The framework shows that the degree of household risk exposure is not just randomly distributed among households in a particular society, but is positively biased towards the “poorly endowed” households. Poor households run higher risks of experiencing “bad luck” because they are concentrated in neighbourhoods with higher-than-average rates of crime, physical damage due to natural disasters, health hazards, etc.
Differences in the economic activities of households, which can include migration, lead to an income distribution and a corresponding consumption distribution. In that distribution, some households can easily “consume” and satisfy their needs, whilst other “poor” households do not always have the means to meet their needs.
Undocumented migrants in the Netherlands usually do not have access to formal elements of the Welfare Pentagon (including formal labour markets and social protection via public institutions). In such cases, they usually turn to informal parts of the Welfare Pentagon, seeking work in the informal economy and relying on personal networks and family to meet their needs.
In the early years of migration to the Netherlands, social protection for immigrants was limited, as immigrants were expected to return to home after a short stay. Once it became clear that many migrants remained in the Netherlands, it was evident they would also need access to social protection. The system was quite generous for both natives and immigrants in the 1970s and 1980s. In the 1990s, benefits were cut back for everyone, with the most notable changes occurring since 2000.
This article has highlighted the three major events that have drastically altered the social protection situation of migrants. First, the changing composition of migrants and the rise in highly skilled immigrants has meant there is less demand on the social protection system (highly skilled workers are less vulnerable to economic inactivity). Second, since the 1990s, government policy has pushed a large number of people back onto the labour market, including large numbers of migrant workers, who were overrepresented among the non-active social benefit recipients. Finally, the implementation of the Linkage Act made it practically impossible for migrants to claim social benefits, as this leads to the immediate loss of resident permits or the refusal of renewal.

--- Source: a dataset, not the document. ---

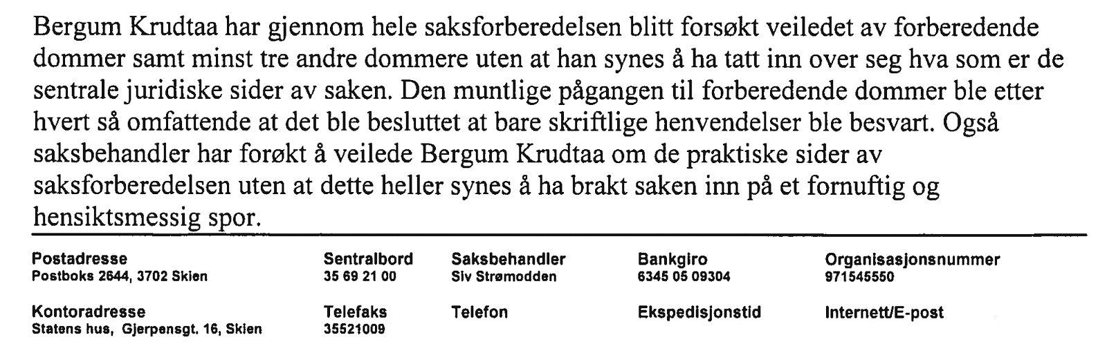 Bergum Krudtaa har gjennom hele saksforberedelsen blitt forsøkt veiledet av forberedende dommer samt minst tre andre dommere uten at han synes å ha tatt inn over seg hva som er de sentrale juridiske sider av saken. Den muntlige pågangen til forberedende dommer ble etter hvert sa omfattende at det ble besluttet at bare skriftlige henvendelser ble besvart.

It has become increasingly clear that there is a mismatch between contributions of migrants (particularly migrants without permanent residency status) and their access to social protection. Given that access to social benefits is linked to the duration of stay — and residence permits will not be renewed unless the immigrant has a near perfect “track record” including ongoing employment and health issuance — it becomes almost impossible for many migrants to benefit from the contributions they (and their employers) make.